Impact on Reverse Engineering: This trick has a low impact on the reverse engineering process. The impact is higher is the reverser is using a debugger and setting breakpoints at the entry points of the Windows API functions: in this case the reverser will see that all calls to the Windows API will come from the same place in the program, which is very confusing. The impact on the reverse engineering process is very low if analysis of the program is being done statically in the disassembler.
Solution: I was not affected by this trick since by the time I encountered this technique I had already understood the instruction set of the virtual machine, which is where the calls to the Windows API are being made (GetCmdLine() and printf().
What: In lots of different places 0x90.exe tries to kill the debugger, or more accurately, the program if it is determined that it is running under a debugger. Some ways the program or debugger is killed if it is determined that it is running under a debugger are: 1) by writing zeroes to the processor's breakpoint-address registers (DR0 through DR3), to the debug status register (DR6) and to the debug control register (DR7) from within all the exception handlers and 2) by jumping to a random address (the output from the RDTSC instruction, actually) in those instances when a debugger has been detected.

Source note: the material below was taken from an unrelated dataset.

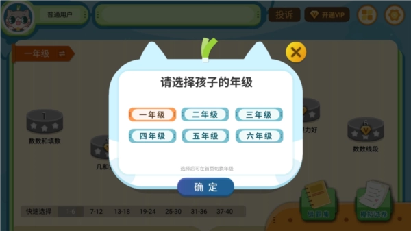 首先登录葱喵儿奥数后,在主界面需要先选择孩子学习的年级。
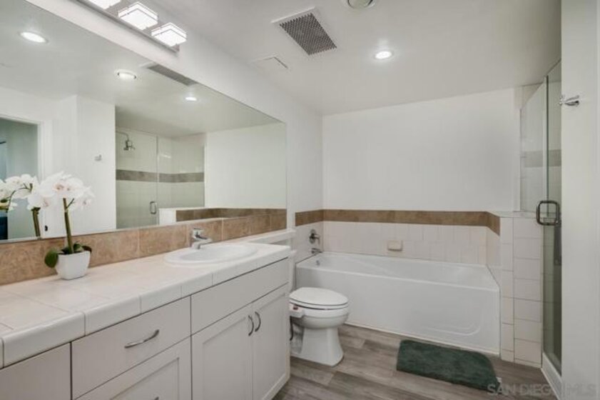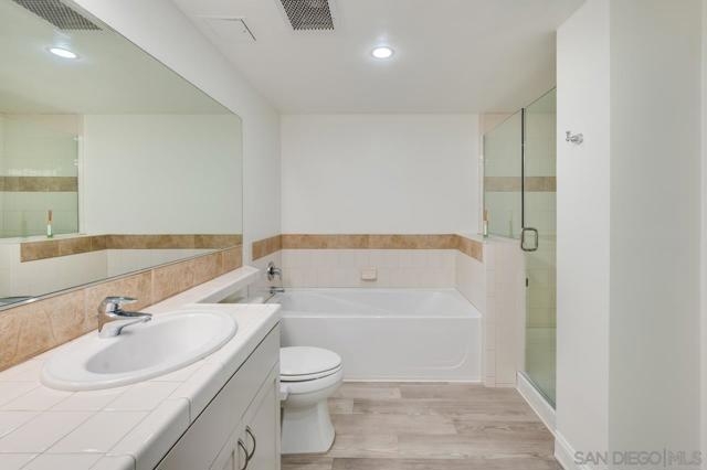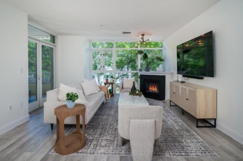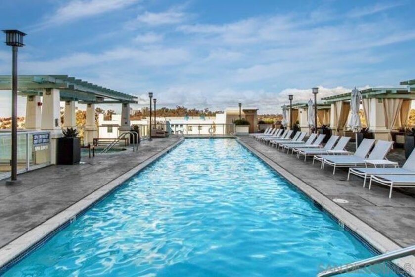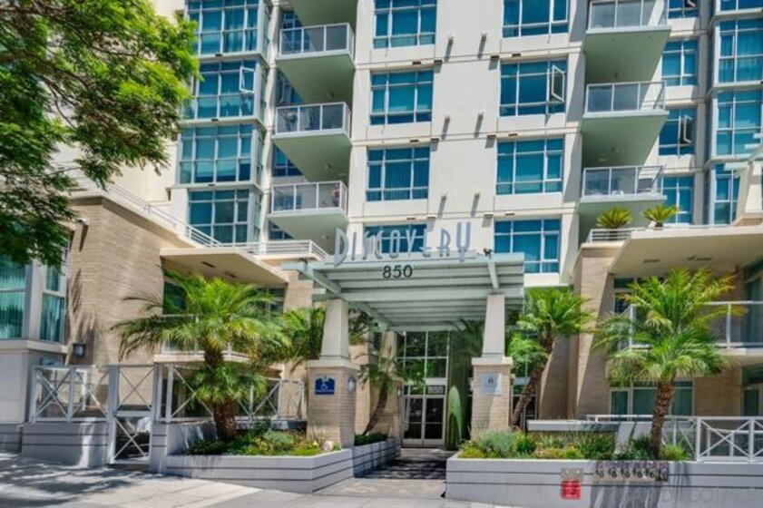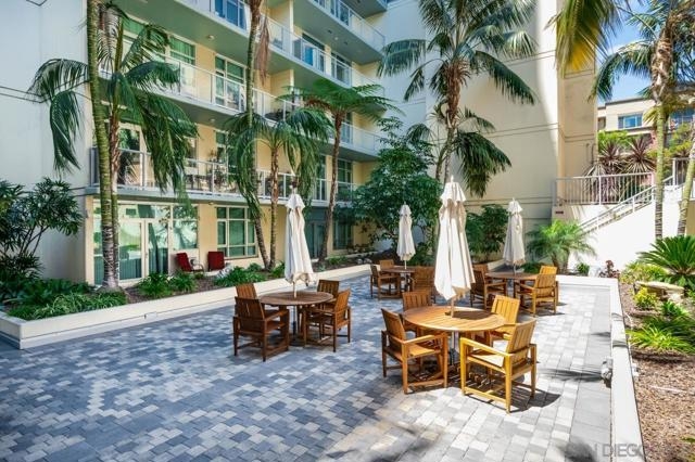Welcome to The Discovery at Cortez Hill, your urban sanctuary in the heart of the city. Enjoy an array of upscale amenities including a rooftop pool and spa, fitness center, social lounge, and 24-hour concierge service. This spacious two-story walk-up offers 1,610 square feet of living space, complete with a balcony and private patio, and is the lowest-priced unit per square foot in the entire building. A rare find, this residence features two separate entrances: one with direct street access and the other from the building’s second floor. Additional highlights include side-by-side parking, a deeded storage unit, and abundant closet space in both bedrooms and the versatile flex area. The main living area showcases floor-to-ceiling windows, a large balcony, and an ambient fireplace, creating an inviting atmosphere. The kitchen is outfitted with stainless steel appliances, granite countertops, under-cabinet lighting, and luxury vinyl plank flooring throughout. The split-level layout offers ideal separation for guests or privacy. The lower level features the primary suite and a flex space perfect for a home office or den, with direct patio access to the street. Parking spaces are 189 and 241 located on P1. The storage unit is L147 located on P1. Lockbox is on the left side when you enter the closet behind the door(serial 2400250).

If I remember correctly there is only one instance where a debugger is explicitly searched for: at the very beginning of the program the first four bytes at the entry point of three Windows API function calls (GetCmdLine(), printf(), and ExitProcess() ) is searched for the presence of the byte 0xcc, which is corresponds to the instruction "int 3", and that is used to enter a debugger from a program. The code that does this search gets to the entry point of the API function by going through the IAT. Here's an example of this code. See how if a 0xcc byte is found the program jumps to a random address:
seg000:00DE3274 mov eax, 0DE1001h seg000:00DE3279 ; no-operation zone seg000:00DE3555 seg000:00DE3558 mov eax, [eax+2] seg000:00DE355B mov eax, [eax] seg000:00DE355D ; no-operation zone seg000:00DE37F1 mov edi, eax seg000:00DE37F3 ; no-operation zone seg000:00DE3A8F seg000:00DE3A90 mov ecx, 4 seg000:00DE3A95 mov eax, 660h seg000:00DE3A9A shr eax, 3 ; eax == 0xcc here seg000:00DE3A9D ; no-operation zone seg000:00DE3D2E seg000:00DE3D2F repne scasb seg000:00DE3D31 test ecx, ecx seg000:00DE3D33 jz short loc_DE3D39 seg000:00DE3D35 rdtsc seg000:00DE3D37 push eax seg000:00DE3D38 retn |
Impact on Reverse Engineering: This anti-reverse engineering trick can be a real problem if one is not careful. One should prevent the debugging registers from being written to by anything that is not the debugger or control of the debugger will be lost and bad things will happen. This trick is not an issue, however, if static analysis in a disassembler is being performed.
Solution: This anti-reverse engineering measure is easy to prevent: just skip the section of code that is trying to mess up with the debugging registers or that is trying to find a debugger by looking at software breakpoints. One can also use hardware breakpoints, which don't require inserting a 0xcc into the program to cause a debugger trap.
In the previous section I mentioned that one of the biggest anti-reverse engineering mechanisms used in 0x90.exe is the use of what I call "the Brulez virtual machine". In this section I will go in more detail about how I discovered the virtual machine, what it is, how it works, and what it does.
At some point during the execution of 0x90.exe the register ESI was loaded with a certain memory address. The way the ESI register started to be used after that point caught my attention. It caught my attention because execution of the program started to be dependant on the value of the first two bytes at the address ESI was pointing at. These two bytes were always used as indexes into two of several jump tables, and the value of ESI would always change after performing a certain task. It seemed like the data pointed at by ESI was some kind of script that was controlling execution of the program.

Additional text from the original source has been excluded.